In April 2023, WMATA launched its Draft Visionary Network. As part of the drafts, WMATA proposed to reroute the terminus from Silver Spring station to Bethesda station. The line would run on Route Y8's routing between MedStar Montgomery Medical Center in Olney to Wheaton station, but would be changed to also operate inside the Georgia Avenue–ICC Park & Ride Lot, and then be partially combined with the current Route Y8 and operate via University Boulevard, Connecticut Avenue, and East-West Highway to Bethesda station, and was named Route MD142 in the proposals. Service between Wheaton station and Silver Spring station was taken over by the proposed Route MD141, which is the current routing of Route Q2.

During WMATA's Revised Draft Visionary Network, WMATA renamed the MD142 to Route M22 and kept its proposed routing, with additional short trips operating between Wheaton station and the Georgia Avenue-ICC Park & Ride Lot. The Route MD141 segment between Wheaton station and Silver Spring station was also retained and renamed to Route M20, and would only operate between the two points. All changes were then proposed during WMATA's 2025 Proposed Network.

During the 2025 Proposed Network proposals, the line was changed again, where the proposed Route M20 would follow the current Y7 routing and operate to the Georgia Avenue–ICC Park & Ride Lot while skipping the Leisure World Clubhouse. The line would operate short trips between Silver Spring station and Wheaton station on weekdays, and all day on weekends, with service north of Wheaton station replaced by Route M22. Route M22 would also not serve the Georgia Avenue–ICC Park & Ride Lot as the proposed Route M20 would serve the Park & Ride instead.

On November 21, 2024, WMATA approved its Better Bus Redesign Network.

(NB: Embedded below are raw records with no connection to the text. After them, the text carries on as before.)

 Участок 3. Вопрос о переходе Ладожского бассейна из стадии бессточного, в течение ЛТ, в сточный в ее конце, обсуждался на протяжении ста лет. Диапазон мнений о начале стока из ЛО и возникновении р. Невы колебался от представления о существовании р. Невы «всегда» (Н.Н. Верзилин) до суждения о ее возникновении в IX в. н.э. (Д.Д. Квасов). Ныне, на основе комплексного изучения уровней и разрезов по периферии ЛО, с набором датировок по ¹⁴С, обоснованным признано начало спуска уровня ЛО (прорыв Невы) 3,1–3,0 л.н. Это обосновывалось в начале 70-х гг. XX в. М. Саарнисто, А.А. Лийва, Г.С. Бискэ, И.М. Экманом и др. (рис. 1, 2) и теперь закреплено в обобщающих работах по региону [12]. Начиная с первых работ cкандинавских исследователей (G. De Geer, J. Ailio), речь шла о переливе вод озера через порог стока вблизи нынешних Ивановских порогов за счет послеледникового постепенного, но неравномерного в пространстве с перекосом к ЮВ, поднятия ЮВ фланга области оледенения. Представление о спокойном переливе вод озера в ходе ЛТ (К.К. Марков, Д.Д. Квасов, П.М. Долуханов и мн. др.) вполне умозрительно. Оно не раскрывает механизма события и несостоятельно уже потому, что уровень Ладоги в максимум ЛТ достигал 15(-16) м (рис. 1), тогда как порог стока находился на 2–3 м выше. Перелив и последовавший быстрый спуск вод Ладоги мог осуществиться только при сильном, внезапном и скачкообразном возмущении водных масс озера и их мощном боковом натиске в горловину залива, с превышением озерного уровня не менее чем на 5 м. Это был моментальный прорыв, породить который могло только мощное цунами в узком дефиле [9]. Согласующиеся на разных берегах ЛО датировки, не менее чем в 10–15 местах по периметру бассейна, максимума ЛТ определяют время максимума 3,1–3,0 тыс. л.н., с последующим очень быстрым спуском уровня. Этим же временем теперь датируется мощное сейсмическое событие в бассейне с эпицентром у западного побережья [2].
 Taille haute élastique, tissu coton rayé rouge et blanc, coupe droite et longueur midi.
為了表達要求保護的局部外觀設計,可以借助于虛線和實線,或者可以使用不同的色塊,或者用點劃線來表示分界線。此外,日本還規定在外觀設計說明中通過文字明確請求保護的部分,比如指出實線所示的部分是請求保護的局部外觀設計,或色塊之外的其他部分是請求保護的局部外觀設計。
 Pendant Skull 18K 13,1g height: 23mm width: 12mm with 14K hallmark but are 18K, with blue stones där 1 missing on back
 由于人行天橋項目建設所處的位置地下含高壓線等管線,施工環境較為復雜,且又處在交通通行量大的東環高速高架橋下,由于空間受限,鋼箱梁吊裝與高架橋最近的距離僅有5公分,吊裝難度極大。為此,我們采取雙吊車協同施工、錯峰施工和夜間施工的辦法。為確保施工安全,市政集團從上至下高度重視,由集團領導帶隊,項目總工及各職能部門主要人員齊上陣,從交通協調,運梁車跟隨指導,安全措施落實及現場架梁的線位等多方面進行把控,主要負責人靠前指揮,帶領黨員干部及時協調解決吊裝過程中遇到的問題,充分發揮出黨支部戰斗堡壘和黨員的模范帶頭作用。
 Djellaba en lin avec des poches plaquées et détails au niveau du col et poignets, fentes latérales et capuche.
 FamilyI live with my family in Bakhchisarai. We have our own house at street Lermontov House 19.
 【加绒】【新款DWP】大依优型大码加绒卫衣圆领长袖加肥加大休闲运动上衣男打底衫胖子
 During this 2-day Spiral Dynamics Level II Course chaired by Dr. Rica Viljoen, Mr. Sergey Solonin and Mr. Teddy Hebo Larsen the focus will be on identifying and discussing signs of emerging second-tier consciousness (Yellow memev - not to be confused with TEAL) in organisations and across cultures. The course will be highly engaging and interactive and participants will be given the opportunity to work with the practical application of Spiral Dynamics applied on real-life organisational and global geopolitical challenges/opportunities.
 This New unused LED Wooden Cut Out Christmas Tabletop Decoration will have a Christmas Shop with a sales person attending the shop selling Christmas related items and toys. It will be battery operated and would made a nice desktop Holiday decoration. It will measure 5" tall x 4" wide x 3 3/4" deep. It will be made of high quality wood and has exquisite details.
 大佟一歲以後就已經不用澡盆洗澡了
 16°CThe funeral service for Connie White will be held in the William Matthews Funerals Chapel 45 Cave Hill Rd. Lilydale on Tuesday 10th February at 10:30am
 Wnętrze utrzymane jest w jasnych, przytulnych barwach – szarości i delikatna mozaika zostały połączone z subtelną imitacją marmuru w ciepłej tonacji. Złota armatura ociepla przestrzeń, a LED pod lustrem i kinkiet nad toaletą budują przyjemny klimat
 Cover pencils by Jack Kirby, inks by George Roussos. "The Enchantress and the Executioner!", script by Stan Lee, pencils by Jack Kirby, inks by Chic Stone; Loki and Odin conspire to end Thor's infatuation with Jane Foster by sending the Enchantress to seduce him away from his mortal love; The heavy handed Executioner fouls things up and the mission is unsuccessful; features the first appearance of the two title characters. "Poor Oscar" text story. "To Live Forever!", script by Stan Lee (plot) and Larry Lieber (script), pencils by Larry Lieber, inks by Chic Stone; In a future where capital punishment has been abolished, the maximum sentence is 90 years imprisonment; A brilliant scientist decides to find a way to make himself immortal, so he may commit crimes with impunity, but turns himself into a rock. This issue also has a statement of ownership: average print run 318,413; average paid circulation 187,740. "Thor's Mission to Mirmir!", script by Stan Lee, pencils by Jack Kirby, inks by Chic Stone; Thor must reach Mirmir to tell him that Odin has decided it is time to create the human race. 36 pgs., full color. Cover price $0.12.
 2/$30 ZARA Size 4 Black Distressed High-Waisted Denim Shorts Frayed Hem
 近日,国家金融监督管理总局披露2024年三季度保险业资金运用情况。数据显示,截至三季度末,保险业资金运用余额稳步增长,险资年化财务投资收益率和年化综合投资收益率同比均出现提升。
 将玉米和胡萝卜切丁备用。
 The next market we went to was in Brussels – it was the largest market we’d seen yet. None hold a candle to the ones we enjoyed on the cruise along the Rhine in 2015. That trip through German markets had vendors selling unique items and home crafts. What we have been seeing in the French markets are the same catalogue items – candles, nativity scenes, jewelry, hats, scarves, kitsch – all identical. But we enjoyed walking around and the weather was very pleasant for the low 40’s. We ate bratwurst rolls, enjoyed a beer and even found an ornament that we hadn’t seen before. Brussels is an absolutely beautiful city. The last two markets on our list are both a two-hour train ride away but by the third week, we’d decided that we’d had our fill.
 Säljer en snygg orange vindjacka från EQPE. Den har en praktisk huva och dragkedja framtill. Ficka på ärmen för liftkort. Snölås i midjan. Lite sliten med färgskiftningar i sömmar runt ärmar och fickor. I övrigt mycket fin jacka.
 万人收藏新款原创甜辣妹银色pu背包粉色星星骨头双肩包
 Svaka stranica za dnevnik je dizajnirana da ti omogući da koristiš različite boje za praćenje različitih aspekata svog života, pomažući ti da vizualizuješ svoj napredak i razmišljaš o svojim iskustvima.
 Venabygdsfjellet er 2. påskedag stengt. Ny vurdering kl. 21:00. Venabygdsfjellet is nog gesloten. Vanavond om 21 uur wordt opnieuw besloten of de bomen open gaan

Beginning on June 29, 2025, Route Y7 was renamed to the M20, keeping its same routing except that the route would bypass the Leisure World Clubhouse. Route M20 would also operate short trips between Silver Spring and Wheaton stations on weekdays and all day on weekends. Route Y2 was discontinued, and the Y8 was partially combined with the L8 and renamed to the M22. The new M22 follows the same routing as the Y8 between Olney and Wheaton, then deviates along University Boulevard and follows the L8 routing along Connecticut Avenue before turning onto East-West Highway and serving Bethesda station. Late-night service only operates between Olney and Wheaton station.